I use CodeRabbit that helps, but it does not fix the two root issues. I run their free VS code plugin to review local commits first, which catches nits, generates summaries, and keeps me in my editor. The PR bot then adds structure so humans focus on design and invariants. Review state still lives in the forge, not in Git, and interdiffs still depend on history. If Git gets a stable Change-Id, storing review metadata in Git becomes realistic. Until then this is a pragmatic upgrade that reduces friction without changing the fundamental.

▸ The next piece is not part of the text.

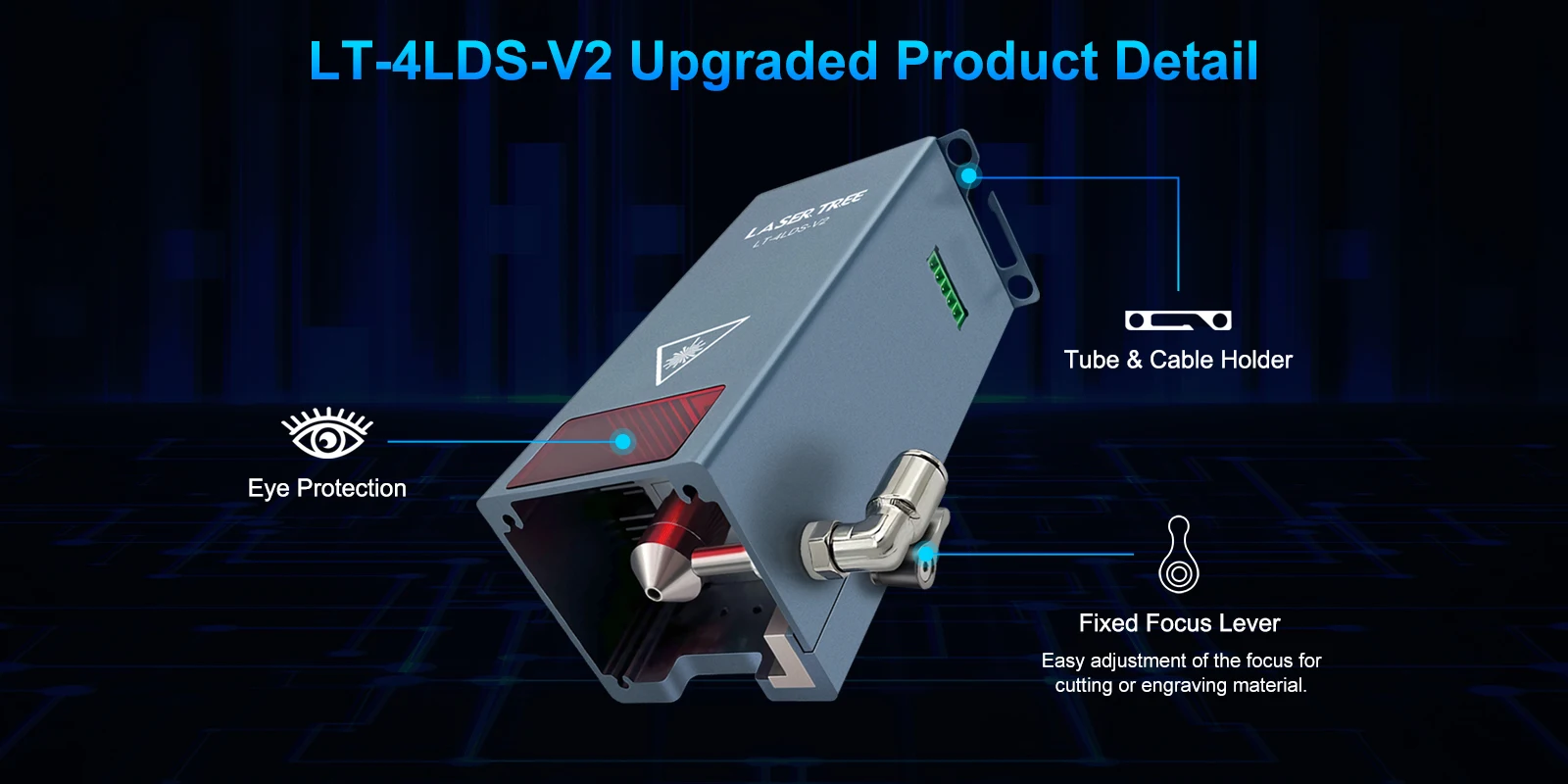 O LT-4LDS-V2 é um módulo de corte profissional projetado para processos de corte e gravação fina seguros de longo prazo.É uma cabeça de laser azul com potência óptica de 20W.Comparado com o V1, o V2 foi bastante aprimorado com um novo design de caixa, assistência de ar mais fácil de usar, distância focal mais longa e potência de saída de corte mais estável.Corte 10 mm de compensado a 3 mm/seg de cada vez, criando facilmente o efeito desejado no padrão.Se você gastar maior parte do tempo de trabalho cortando, o LT-4LDS-V2 será um bom parceiro para você.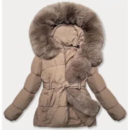 Tmavobéžová dámska prechodná bunda s opaskom J Style (16M9183-84)

Essentially, you are turning fork/branch induced changes to "precommit" review like workflow which is great.
I was on a lookout for best "precommit" review tool and zeroed on Magit, gitui, Sublime Merge.
I am not an emac user, so i'll have to learn this.
I never did proper code review, other than when being lucky that we got a team of top devs in specific projects.
More often than not, it either doesn't exist, or turns out in a kind of architecture fetishism that the lead devs/architects have from conferences or space ship enterprise architecture.
Already without this garbage it feels so much better, than arguing about SOLID, clean code, hexagonal architecture, member functions being with an underscore, explicit types or not,...
Gitpatch attempts to solve this. Supports versioned patches and patch stacks (aka stacked PRs). Also handles force-pushes in stacks correctly even without Change-IDs using heuristics based on title, author date etc. It should also be unusually fast. Disclosure: I'm the author.
I'm not convinced that review comments as commits make thing easier, but I think storing them in git in some way is a good idea (i.e. git annotations or in commit messages after merge etc)
> But modifying code under review turned out to be tricky.
GitLab enables this - make the suggestion in-line which the original dev can either accept or decline.
Kind of. Don't you have to type the change into the browser? Which means your change might not even be syntactically correct. It would be far better if you could make the change locally then somehow and that straight to GitLab. Also how does it work with multiple commits? Which commit does it amend?
> Alas, when I want to actually leave feedback on the PR, I have to open the browser, navigate to the relevant line in the diff, and (after waiting for several HTTP round-trips) type my suggestion into a text area
This doesn't seem like much of a problem, does it? It's a matter of alt-tab and a click or two.
Also, what is the point of having reviews in the git history?
I was recently looking for something that at least presents a nice diff that resembles code review one in neovim.
This is a pretty cool tool for it: https://github.com/sindrets/diffview.nvim
On the branch that you are reviewing, you can do something like this:
:DiffviewOpen origin/HEAD...HEAD
Worth mentioning that Tangled has support for stacked pull requests and a unique round-based PR flow with interdiffing: https://blog.tangled.sh/stacking
This brings back memories of https://opendev.org/ttygroup/gertty when I was contributing to OpenStack
I am happy with Gerrit but I am sure I do not know even how to use 20% of its capacity.
The patchsets get stacked up and you know where you left off if there are different changes and that is very cool.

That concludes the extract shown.